The night before the trial the lead prosecutor on the case called me at home and told me they had decided to drop the death penalty and would seek life without parole.   So we had already made a major step.   The DA knew we had worked the case hard; we had worked it a lot harder than they expected.  They knew the jury would as a practical matter require a higher degree of proof for a death penalty case even though the law of beyond a reasonable doubt was the same in either event.  

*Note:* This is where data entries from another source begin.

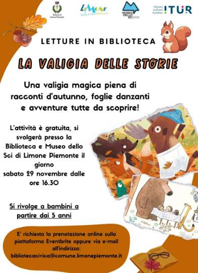 Sabato 29 novembre presso la Biblioteca e Museo dello Sci di Limone Piemonte, attività per bambini dai 5 anni dal titolo ” La valigia delle storie “, dalle ore 16.30. Ingresso libero su prenotazione.
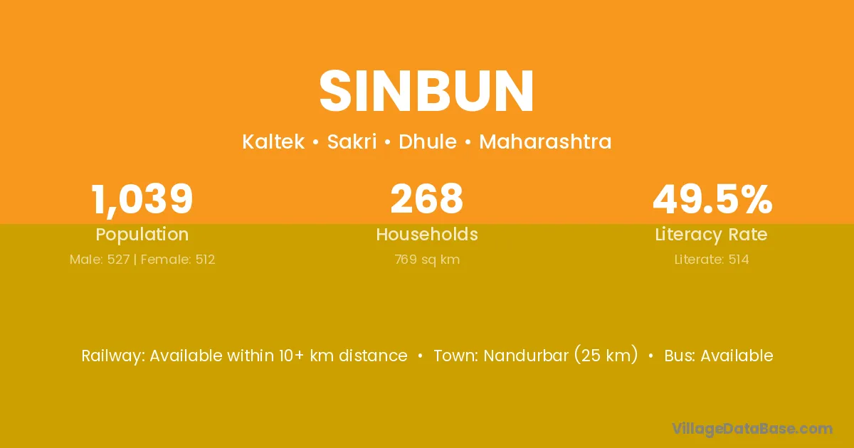 Nandurbar (25 km) is the nearest town to Sinbun village for major economic activities and is located approximately 25 km away.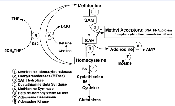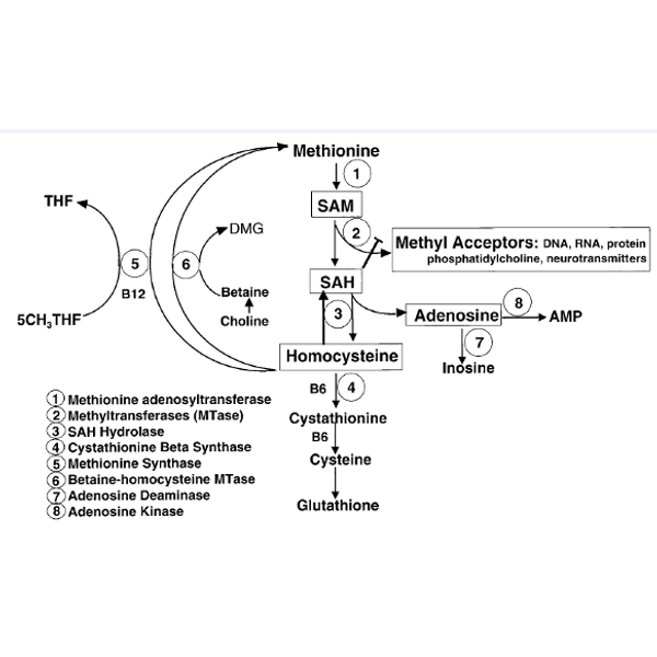 Below is a simple diagram (Melnyk S, Clin. Chem. 2000) that illustrates methionine cycle (a part of one carbon metabolism pathway) that details factors involved in the methylation process. Genetic or nutritional disturbances (e.g. deficiency of folate, Vitamin B12, B6, methionine or choline) that prevent efficient product removal of homocysteine (Hcy) or adenosine will lead to S-adenosylhomocysteine (SAH) accumulcation. Excess SAH and Hcy is thought to readily cross the cell membrance into the plasma. Elevated SAH or Hcy has been associated with increased risk of cardiovascular diseases, colon cancers, birth defects, recurrent pregnancy loss, central nervous system demyelinization and neuropsychiatric disorders. Increased SAH leads to methyltransferase inhibition, which reduces methylation of essential molecules such as DNA, RNA, protein, neurotransmitters, etc. This means methylation index is much reduced in many pathological processes.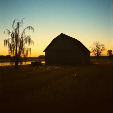 The sun dips low behind the barn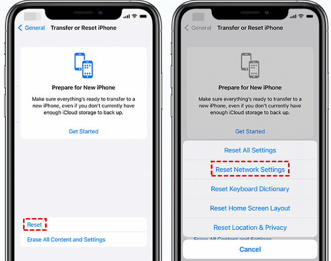 Go to iPhone Settings app > General > Transfer or Reset iPhone > Reset > Reset Network Settings. When prompted, enter your passcode to confirm your operation.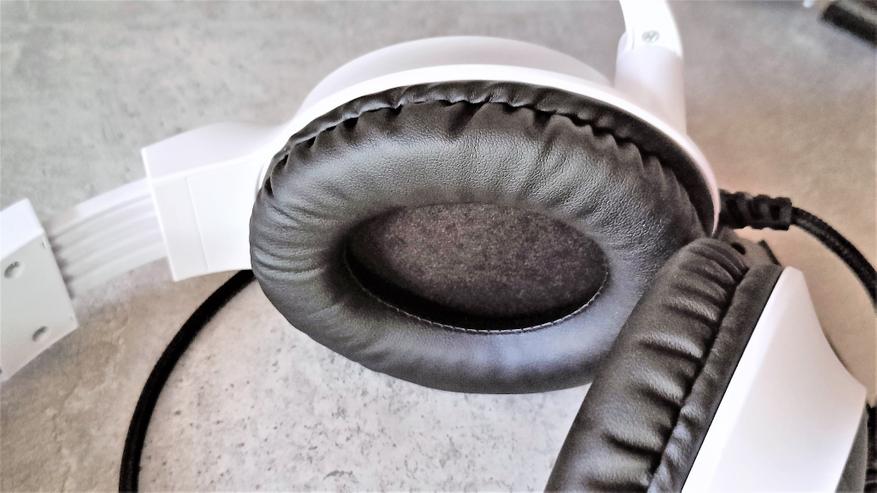 Наушники обладают классическими подушками амбушюрами из кож зама и решетка динамиков защищена тканью.

The judge during the jury selection the next day told the jury that the case would only take a few days.   We protested that it would take two weeks.  The judge chewed us out in front of the panel and said we didn’t understand how efficiently he would run the trial.  It did in fact take two weeks.  Before the trial began in front of the jury we had a three day hearing on the admissibility of the confession.  Our efforts to prove it was coerced was denied by the judge.  All the officers denied every allegation of abuse by Bob.  They laughed at his allegation of being hit over the head with the night stick and the phone book as a pad to prevent obvious bruising.  When we attempted to ask question about the interrogation process we used a recent Supreme Court case on this issue of coerced confessions and the questions came directly from the footnotes of the Supreme Court justices in their opinion but the judge wouldn’t even allow the questions when objected to by the prosecutor.

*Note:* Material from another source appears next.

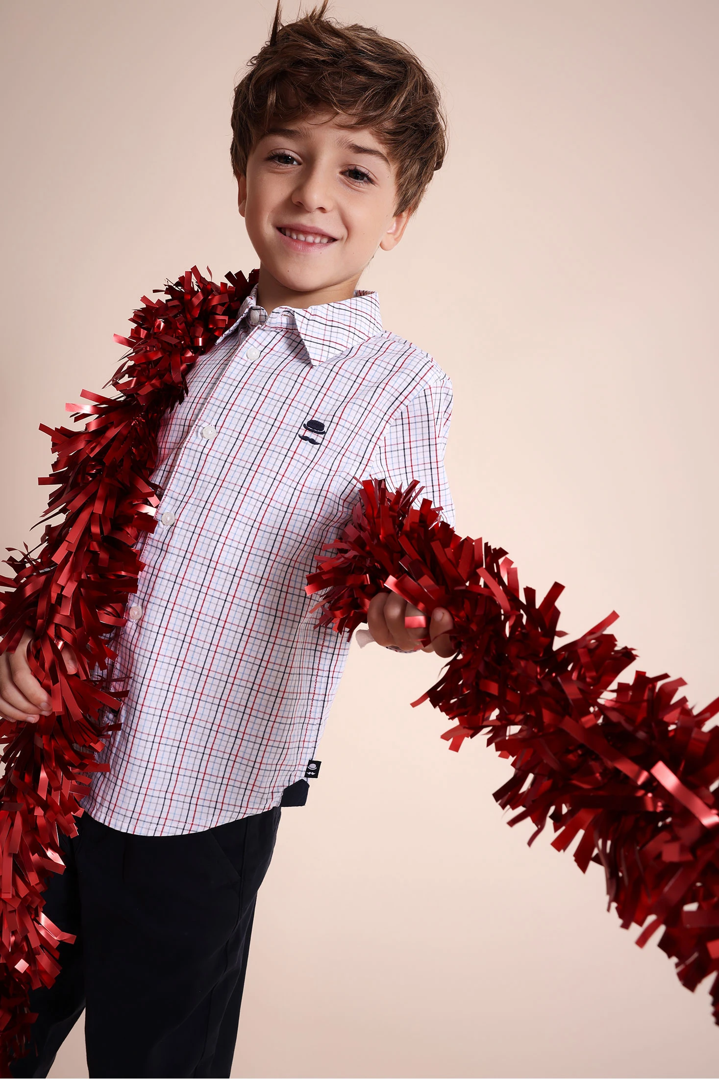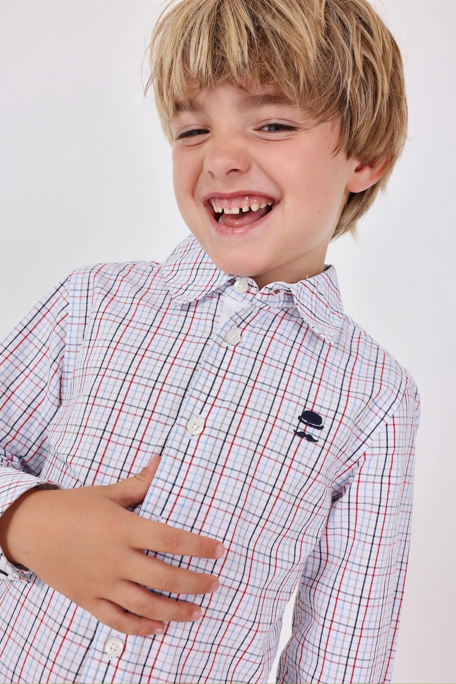 Camicia in popeline per bambino presenta un design a quadri in tonalità blu e rosso su sfondo bianco, ideale per uscite informali o eventi speciali. Realizzata in morbido e comodo tessuto di popeline, è dotata di un colletto classico e chiusura a bottoni nella parte anteriore. Perfetta da abbinare a pantaloni di jeans o chino, dona uno stile senza tempo a qualsiasi outfit. Disponibile in taglie dai 12 mesi ai 10 anni, è un capo imprescindibile nel guardaroba di ogni piccolo.

The prosecution was methodical and of course all the gory details were presented in full color, not black and white.  We attacked each expert as best we could.  We couldn’t dispute the basic facts of the death or that our guy was in the area and was a true law enforcement “groupie” who loved hanging around with cops.  We did establish that he was an informer and did work on drug deal informing for both local law enforcement and the FBI.  We naturally hammered constantly on the fact that there was no physical evidence ever found on our guy, the motel room, or the rent car.  Here we emphasized the goriness of the crime and how was it possible that no blood or hair or skin was found anywhere.  And exactly how did our guy get that body back to the field across the street two days later?  We argued that our guy was admittedly a  kook by any standard but that did not make him a murderer.  We stressed the fact that at least some portions of the confession were clearly ridiculous when he confessed to another murder when he was in prison.  The State couldn’t deny he was in prison at that time.   We had no alibi to present because he was there.  We pointedly talked about his prior criminal record which normally you would not do.  We did it because it was for petty non violent crimes and the wearing of those uniforms re-enforced that he was weird.  He might write hot checks or fraudulently sell cars but he had no history of violence.

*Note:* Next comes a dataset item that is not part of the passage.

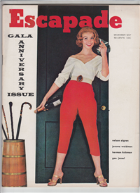 86 pages including wraps. Inspired by the success of Playboy (first issue December, 1953), Nugget was launched with this November, 1955 issue. Each had lots of photos, a wide variety of features, well-known contributors, was printed on good quality paper, and sold for the same price - 50 cents an issue.

The jury was out for only a few hours. They convicted him and gave him 99 years.   You ask did I think he was guilty.  To this day I don’t really know.  He never varied in his denial.  The confession I always thought was coerced but only in the psychological sense.  He wanted to please his law enforcement buddies.  I always found it incredulous that no physical evidence was found except for those teeth marks.  Believe me if you looked at those marks on the original breasts or the photos of them and then his teeth mark impressions it would have looked like chicken scratchings with vague similarities but certainly not an exact match.   A different set of attorneys handled the appeal but the conviction was confirmed which I expected.  We were worn out.   Sometimes you don’t get the clean answer you want.  Even the DA told me that had no other evidence that would link him to the crime that wasn’t  admissible but in their file.  They had no better explanation about the lack of physical evidence than we did.   Last I heard he was still in prison and no parole was likely.  He was in his late 60’s at that time.

Eddie Rickenbacker the noted WWI ace was also credited with inventing the rear view mirror for automobiles while he was a race car driver before the War.  Later he became the President of Eastern Airlines.